▶ [THE TASK]
Begin with the first line below and retype each line exactly through the line containing "- Features two-page". Any pictures are to be left out.

▶ [EXERCISE INPUT]
========================================
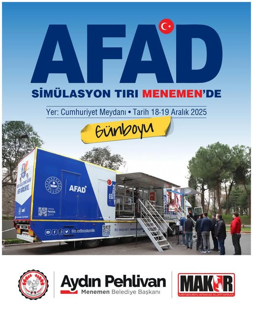 Pehlivan, Cumhuriyet Meydanı’nda 18–19 Aralık tarihlerinde gün boyu hizmet verecek olan AFAD Simülasyon Tırı ile vatandaşları afet bilinciyle buluşturacaklarını duyurdu.
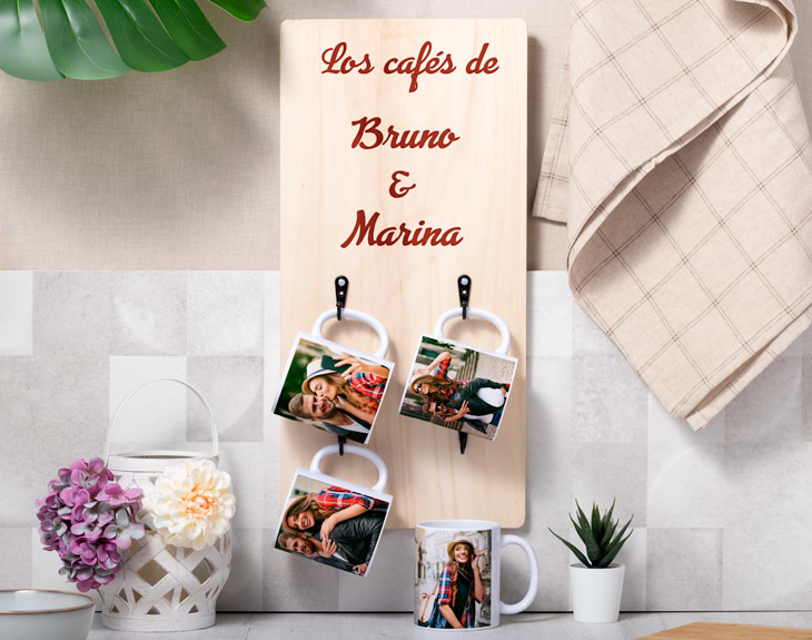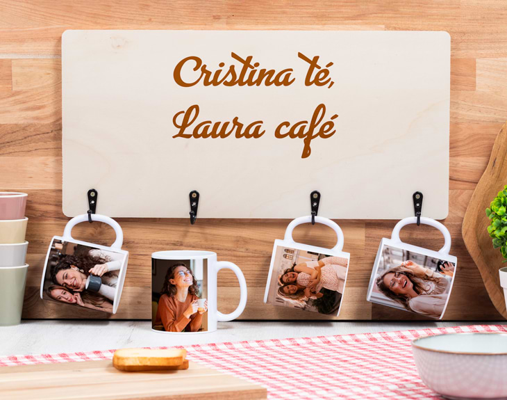 Pocos placeres hay mejores que despertarse y prepararse un café bien calentito para empezar el día con toda la energía del mundo. Pero para hacer de este momento algo único, necesitas tener tu propio colgador para tazas de madera personalizado. Ese rinconcito que tienes para el café está pidiendo a gritos que coloques este adorno hecho de madera natural en el que podrás colgar tus tazas favoritas para tenerlas siempre a mano y servirte un buen café. En la cocina, al lado de la cafetera... ¡Quedará genial donde tú quieras! Este original adorno de madera es ideal porque además de ser bonito es muy práctico. Cuenta con cuatro colgadores de color negro en los que podrás poner esas tazas que tanto te gustan y tenerlas siempre a mano. Pero espera porque podrás elegir la opción que más te guste: solo el colgador en horizontal o en vertical o la opción del colgador más cuatro tazas personalizadas. ¡Triunfarás con este regalazo! Si quieres sorprender a esa persona que no puede vivir sin café, hazlo personalizando este colgador a tu gusto. Elige la opción que más te guste y añade el producto al carrito. En nuestro diseñador podrás personalizar el colgador con el texto o imagen que quieras. Si has elegido la opción que incluye las cuatro tazas, también podrás personalizarlas con la foto o diseño que más te guste. Crea este colgador a medida y colócalo en tu sitio favorito. ¡El café sabrá mucho mejor! Medidas: 49,5 x 24 centímetros. Material: madera.
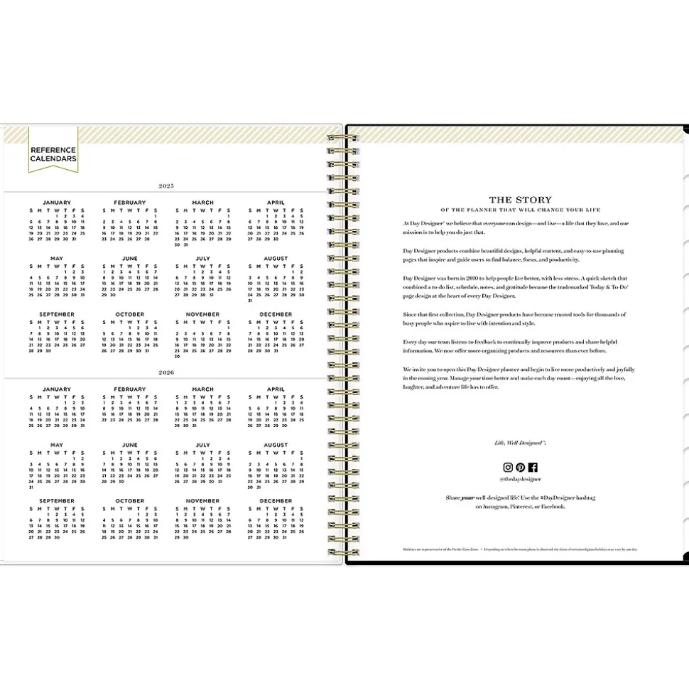 - Features two-page weekly spreads, with space for notes and quick reference calendars
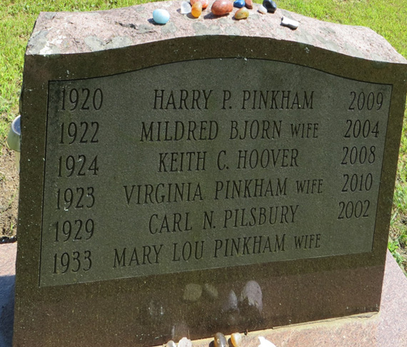 Inscription Front: 1920 Harry P. Pinkham 2009 / 1922 Mildred Bjorn Wife 2004 / 1924 Keith C. Hoover 2008 / 1923 Virginia Pinkham Wife 2010 / 1929 Carl N. Pilsbury 2002 / 1933 Mary Lou Pinkham Wife Back: PINKHAM / HOOVER / PILSBURY.5  Marker, Harry Pierce Pinkham (1920-2009) family plot. Photo courtesy of findagrave.com.
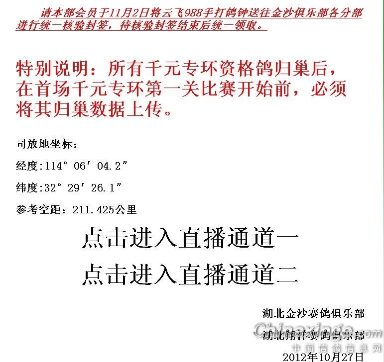 作品说明: 武汉金沙赛鸽俱乐部公布的第四届千元专环的游戏规则:-------------------------------------------------------------------------------- 特别说明:所有千元专环资格鸽归巢后,在首场千元专环第一关比赛开始前,必须将其归巢数据上 传。 湖北金沙赛鸽俱乐部 湖北翔祥赛鸽俱乐部 2012年10月27日 截止2012年11月9日18时16分,千元专环资格赛 有效归巢:2608羽 。 ----------然而“2011年11月10日晚武汉金沙赛鸽俱乐部千元专环第一关集鸽数居然达到2685羽,比千元专环资格赛有效归巢数2608羽多出77羽,请问这多出来的这77羽参赛鸽从那里冒出来的????”
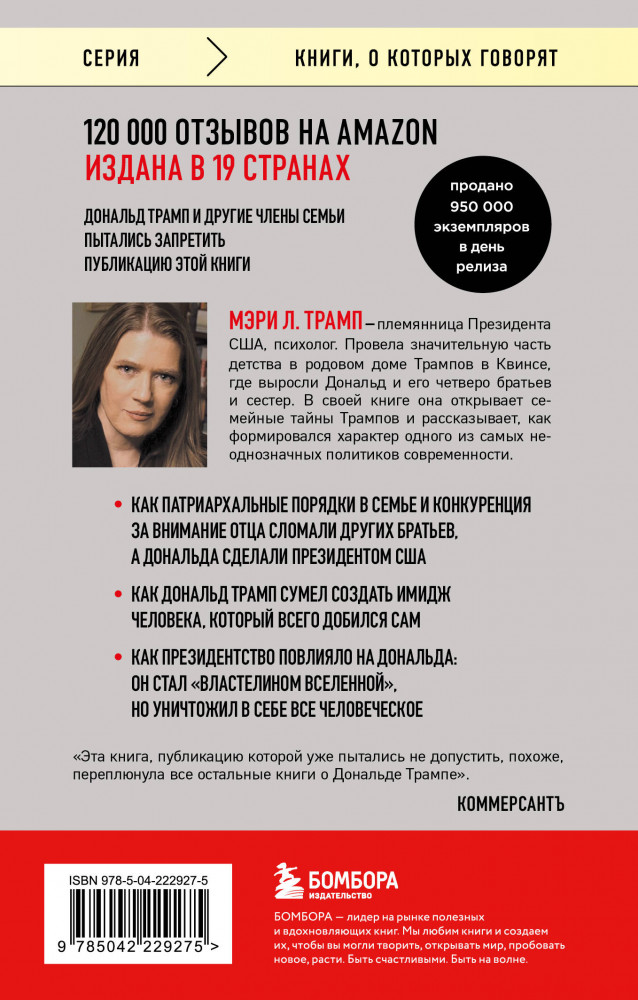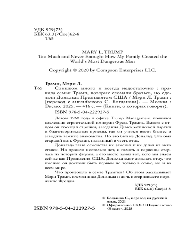💳 Оплатить за товар можно при получении 🇰🇿 Есть бесплатная доставка по Казахстану 🎁 Копите бонусы с каждой покупки Серия: Книги, о которых говорят Мэри Л. Трамп — клинический психолог, родная племянница Дональда Трампа. Она провела значительную часть детства в доме бабушки и дедушки в Квинсе, где выросли Дональд и его четверо братьев и сестер. |
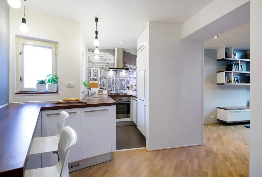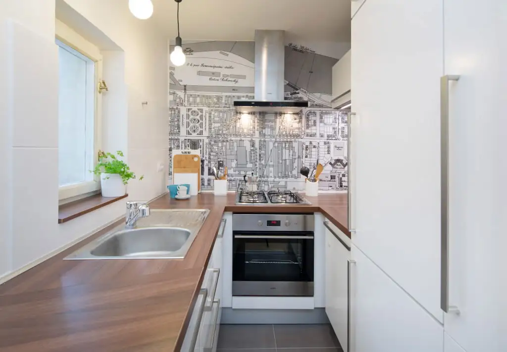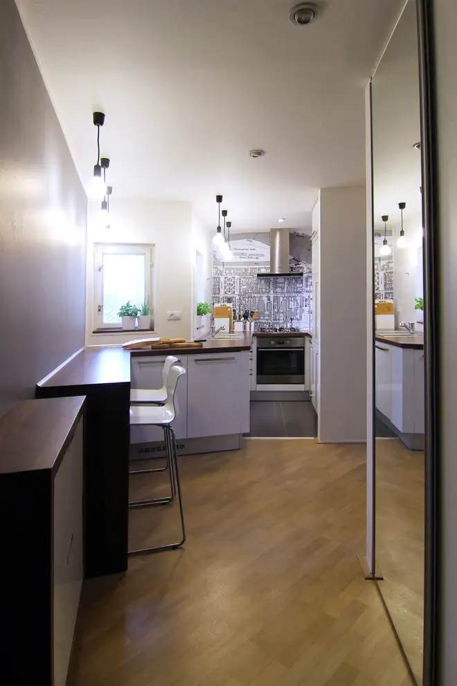 Dispunerea pe toate laturile disponibile, a facut posibila o asezare coerenta in care o persoana poate gati fara probleme. Plita, cuptor, hota, ba chiar si spatiu pe blatul de lucru, iata cum poti scoate maximum dintr-o bucatarie foarte mica. Grafismul de pe peretele cu hota distrage atentia de la dimensiunile spatiului si creeaza o zona de accent binevenita.
========================================
▶ [TASK SOLUTION]
 Pehlivan, Cumhuriyet Meydanı’nda 18–19 Aralık tarihlerinde gün boyu hizmet verecek olan AFAD Simülasyon Tırı ile vatandaşları afet bilinciyle buluşturacaklarını duyurdu.
 Pocos placeres hay mejores que despertarse y prepararse un café bien calentito para empezar el día con toda la energía del mundo. Pero para hacer de este momento algo único, necesitas tener tu propio colgador para tazas de madera personalizado. Ese rinconcito que tienes para el café está pidiendo a gritos que coloques este adorno hecho de madera natural en el que podrás colgar tus tazas favoritas para tenerlas siempre a mano y servirte un buen café. En la cocina, al lado de la cafetera... ¡Quedará genial donde tú quieras! Este original adorno de madera es ideal porque además de ser bonito es muy práctico. Cuenta con cuatro colgadores de color negro en los que podrás poner esas tazas que tanto te gustan y tenerlas siempre a mano. Pero espera porque podrás elegir la opción que más te guste: solo el colgador en horizontal o en vertical o la opción del colgador más cuatro tazas personalizadas. ¡Triunfarás con este regalazo! Si quieres sorprender a esa persona que no puede vivir sin café, hazlo personalizando este colgador a tu gusto. Elige la opción que más te guste y añade el producto al carrito. En nuestro diseñador podrás personalizar el colgador con el texto o imagen que quieras. Si has elegido la opción que incluye las cuatro tazas, también podrás personalizarlas con la foto o diseño que más te guste. Crea este colgador a medida y colócalo en tu sitio favorito. ¡El café sabrá mucho mejor! Medidas: 49,5 x 24 centímetros. Material: madera.
 - Features two-page weekly spreads, with space for notes and quick reference calendars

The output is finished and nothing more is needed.